Work item ->
Every line below should be copied exactly; drop the pictures.

Source material ->
──────

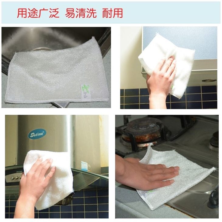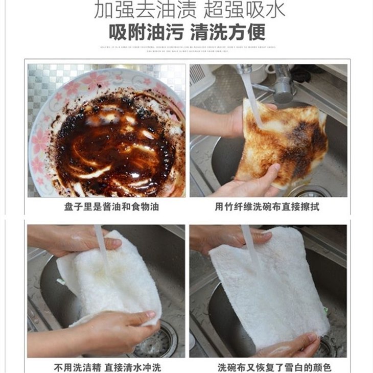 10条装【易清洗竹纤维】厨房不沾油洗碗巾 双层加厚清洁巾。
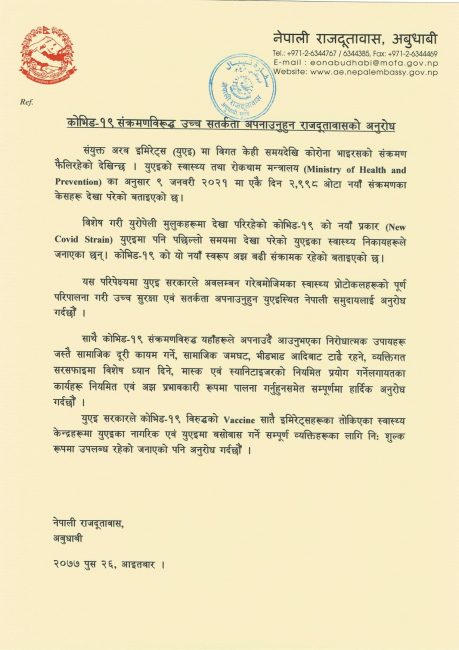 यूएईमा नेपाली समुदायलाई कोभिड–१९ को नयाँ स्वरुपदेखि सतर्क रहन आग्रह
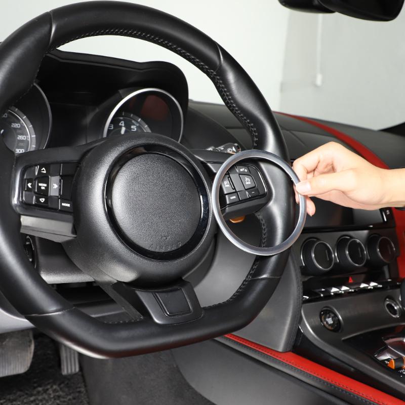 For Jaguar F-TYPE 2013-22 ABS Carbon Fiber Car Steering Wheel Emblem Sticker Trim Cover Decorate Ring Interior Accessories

──────

The completed task ->
 10条装【易清洗竹纤维】厨房不沾油洗碗巾 双层加厚清洁巾。
 यूएईमा नेपाली समुदायलाई कोभिड–१९ को नयाँ स्वरुपदेखि सतर्क रहन आग्रह
 For Jaguar F-TYPE 2013-22 ABS Carbon Fiber Car Steering Wheel Emblem Sticker Trim Cover Decorate Ring Interior Accessories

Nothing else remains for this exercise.